We only set up a simple config with Domain, Selector, and KeyFile. You also added SigningTable and KeyTable manually, and that’s probably what’s causing the issues.

I don’t think that setup is even recommended. I’d suggest commenting out those extra options out and sticking to the defaults.

You right, it seems that SigningTable and KeyTable are not needed. The were however needed once in the last 2-3 years. We had to add them for the signing to work at all … We just can't remember if this was due to opendkim, virtualmin, or an interaction between the two. After multiple OS upgrades and virtualmin updates, there is no way to tell why this was the case.

And, please, if you manually change a service’s config, it’s really important to mention it right from the start!

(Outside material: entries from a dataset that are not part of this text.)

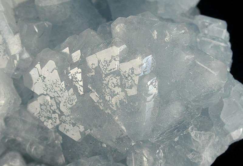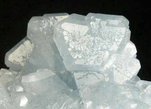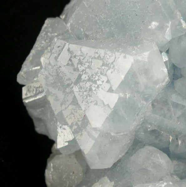 This is a Celestine from Wessels Mine, Kalahari, South Africa. A thin crust of matrix gives way to a plate of angular, chisel-headed crystals, to 2 cm across, of glassy and translucent, pastel-blue celestine.Data last checked on 28th Jan 2026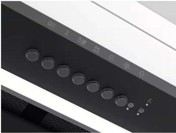 - Možnost nastavení recirkulace vzduchu: Recirkulace vzduchu je nastavení odsavače, kdy není vzduch odváděn mimo místnost. Vzduch je zbavován mastných par, případně pachu a vrací se zpět do místnosti. K odstraňování pachu je třeba instalovat uhlíkový filtr, který není součástí balení.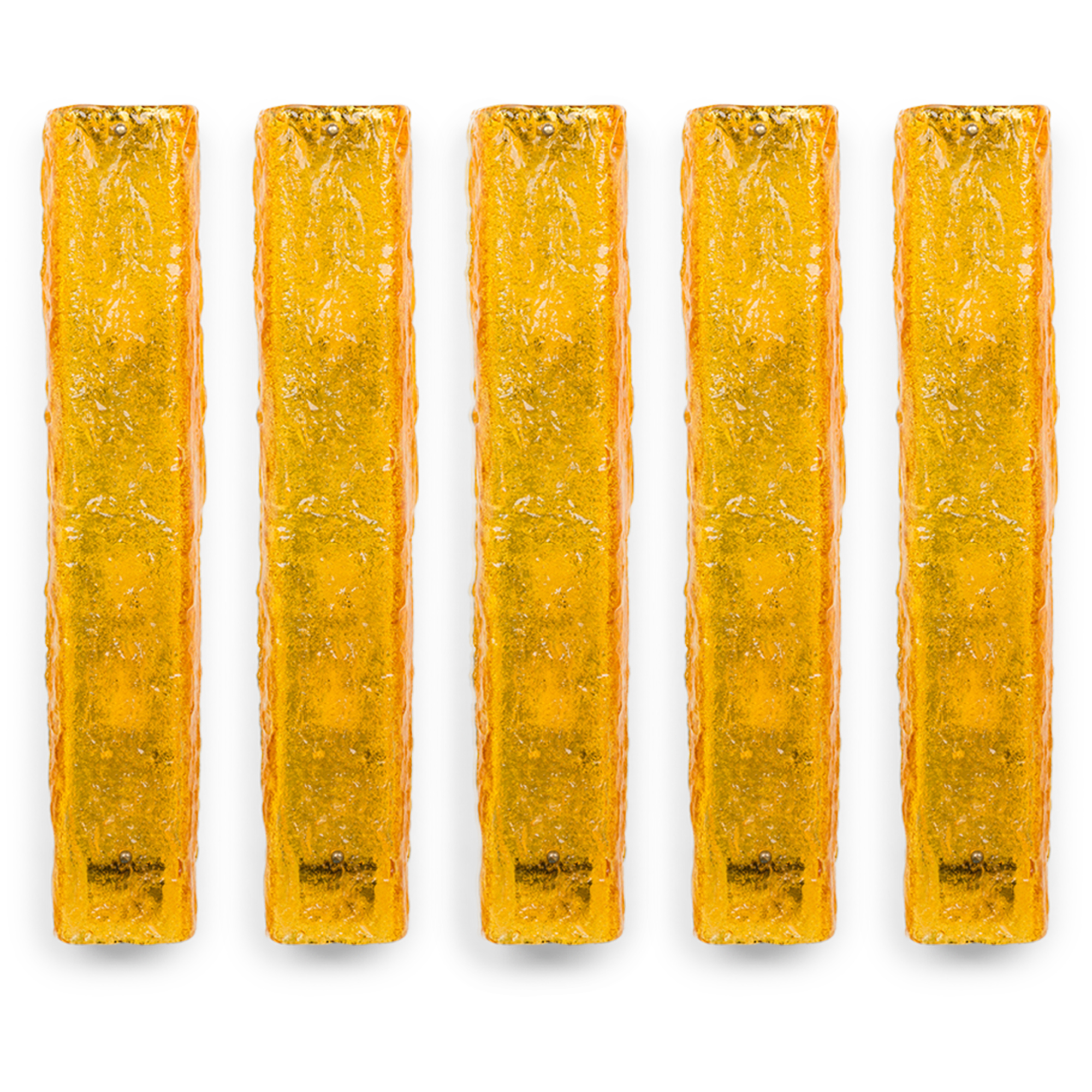 Set of 5 Mid-Century Rectangular Textured Amber Glass Wall Sconces

While it is true that on the production servers, the two files seems to have caused the problems for existing websites, I'm still no sure if isn't a bug during the creation of new websites.

The whole Additional info - Stuff was done on a developer machine where DKIM was still configured out-of-the box.

Adding a website without DNS enabled, no matter if emails were enabled or not, should not have let to the emails being signed.

[iliaross]

Adding a website without DNS enabled, no matter if emails were enabled or not, should not have let to the emails being signed.

Why is that? DKIM signing should work no matter where the DNS is hosted...

The mail server uses OpenDKIM to sign outgoing emails with its private key, and the receiving server checks the public key through DNS to verify it.

That part doesn’t really depend on where DNS is hosted, does it?

[PitWenkin]

Adding a website without DNS enabled, no matter if emails were enabled or not, should not have let to the emails being signed.

Why is that? DKIM signing should work no matter where the DNS is hosted...

Because  Only those with DNS and email enabled is selected.